Post-HSCT risk of neurological complications has been reported to increase with incidence up to 38% in untransfused patients with prior stroke. Seizures are one of the most common neurological complications [31]. Nevertheless, we found a reduction in seizures in our cohort. Two patients had seizures due to PRES in the early post-transplantation period confirmed with CT scan of the brain. Higher incidence of PRES in SCD (22%) was reported in the literature in patients with SCD following HSCT [29].

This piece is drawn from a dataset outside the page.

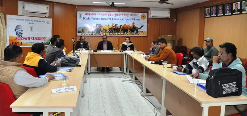 बीकानेर, 31 दिसंबर। भाकृअनुप-राष्ट्रीय उष्ट्र अनुसंधान केन्द्र (NRCC), बीकानेर में भारत सरकार के निर्देशानुसार 16 से 31 दिसम्बर तक आयोजित किए गए ‘स्वच्छता पखवाड़ा’ का बुधवार को औपचारिक समापन हुआ। इस अभियान के संदेश को जन-जन तक पहुँचाने के उद्देश्य से संस्थान परिसर में एक प्रेस कॉन्फ्रेंस का आयोजन किया गया, जिसमें स्वच्छता के महत्व के साथ-साथ ऊंटों के संरक्षण और अनुसंधान से जुड़ी प्रमुख जानकारियाँ साझा की गईं।
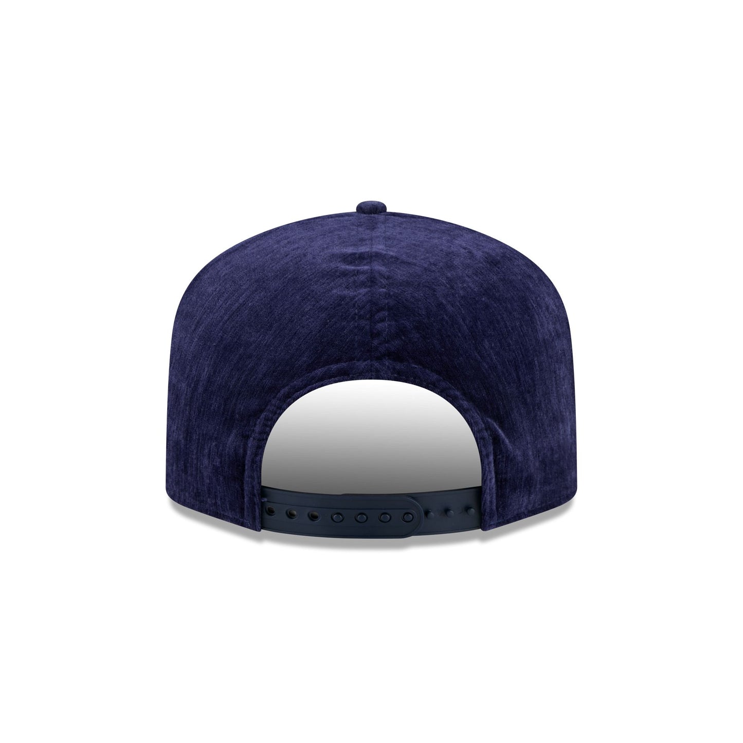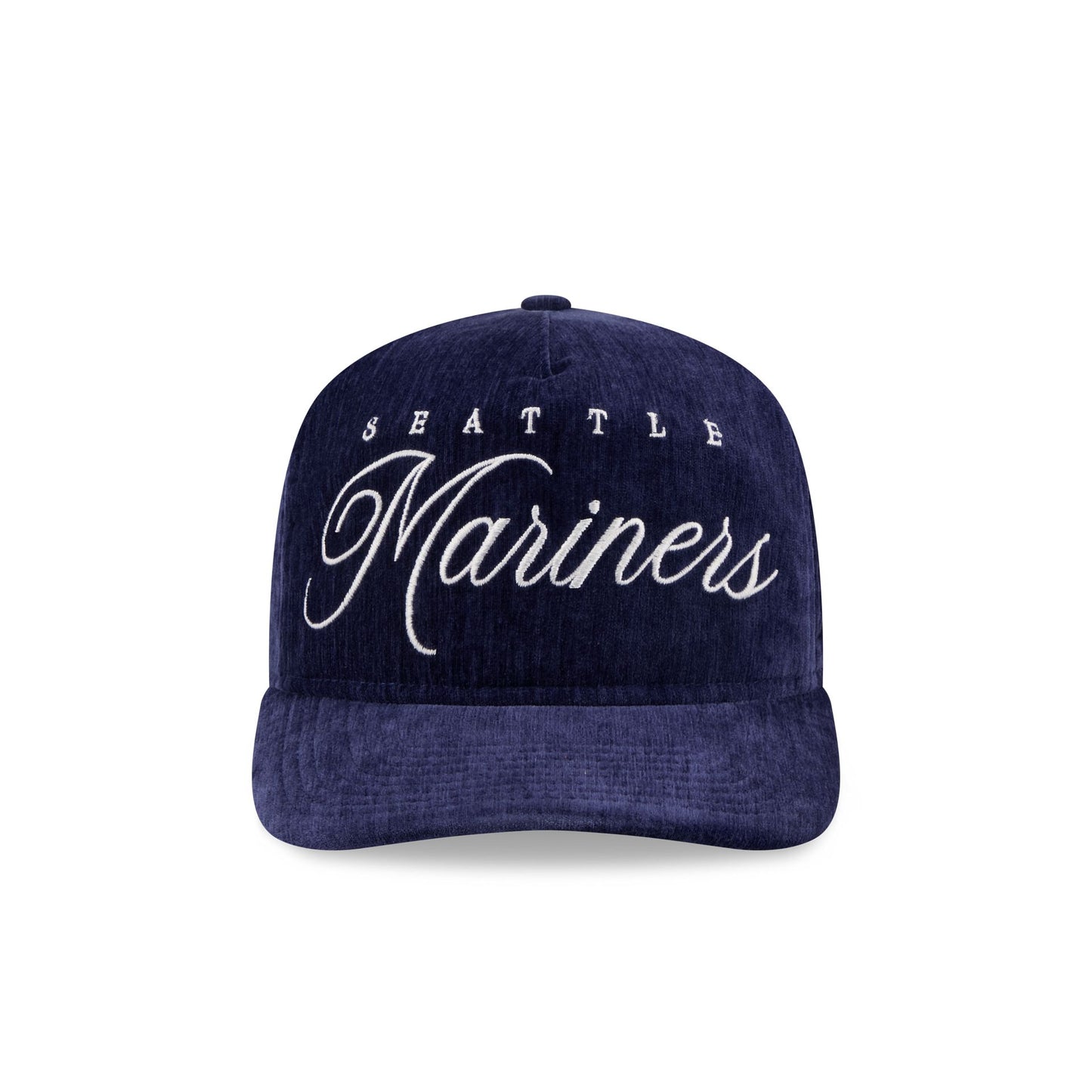 The Seattle Mariners Velvet Team Script 19TWENTY Adjustable Cap features an embroidered Mariners wordmark script at the front panels with a team logo at the right-wear side. Additional details include an adjustable snapback closure at the rear and a gray undervisor.

HSCT in high-risk SCD patients before development of stroke and CV reduces the risk of subsequent neurologic complications [28]. This was shown using TCD with improved vasculopathy demonstrating low values at 1-, and 3-year follow-up [20]. Extended duration of anticonvulsant post-HSCT with intensified antihypertensive management and platelet support may diminish the frequency of seizures [1, 31]. We also found clinical improvement in our cohort of patients similar to these studies. Considering the high-risk category of our cohort, 3-year OS was 92% and EFS was 88%, still comparable to international reports [18-21]. We also looked at the post-HSCT quality of life for our patients with respect to neurological and psychological status. Our patients showed improvement in their motor and cognitive functions, which was also supported by stabilization of radiological imaging (Table 2, Fig. 1). This report from a single transplant center, will add to the existing literature as it addresses and evaluates specifically the conditions and the outcome of the patients with CV pre- and post-HSCT. Further follow-up of this cohort of patients will continue to be assessed for the long-term effect of HSCT on the neurologic status of these patients. We also have demonstrated in this report a favorable outcome of HSCT in symptomatic patients with severe vasculopathy (moyamoya) compared to those undergoing by-pass surgery EDAS/EMAS for severely narrowed vessels [30].

Limitations

Being a retrospective chart review, our study suffers from obvious limitations. One of the patients was referred to us from another country and had to be censored at 35.6 months at his last follow-up with us. Majority, but not all of the cases had pre- and post-HSCT MRI assessment, importantly, the clinical improvement was remarkable and durable. In addition, TCD studies were not available for all the referred patients prior to HSCT.

Conclusions

HSCT is a curative therapy for high-risk pediatric SCD patients having CV with a favorable outcome resulting in stabilization of brain vascularity and clinical improvement of symptoms like headache, hemiparesis, and convulsion. None of the patients had to go for neo-vascularization procedure before HSCT. Ideally, early TCD should be done to detect high-risk patients followed by early HSCT for eligible patients to avoid the development of neurological complications and to improve the outcome.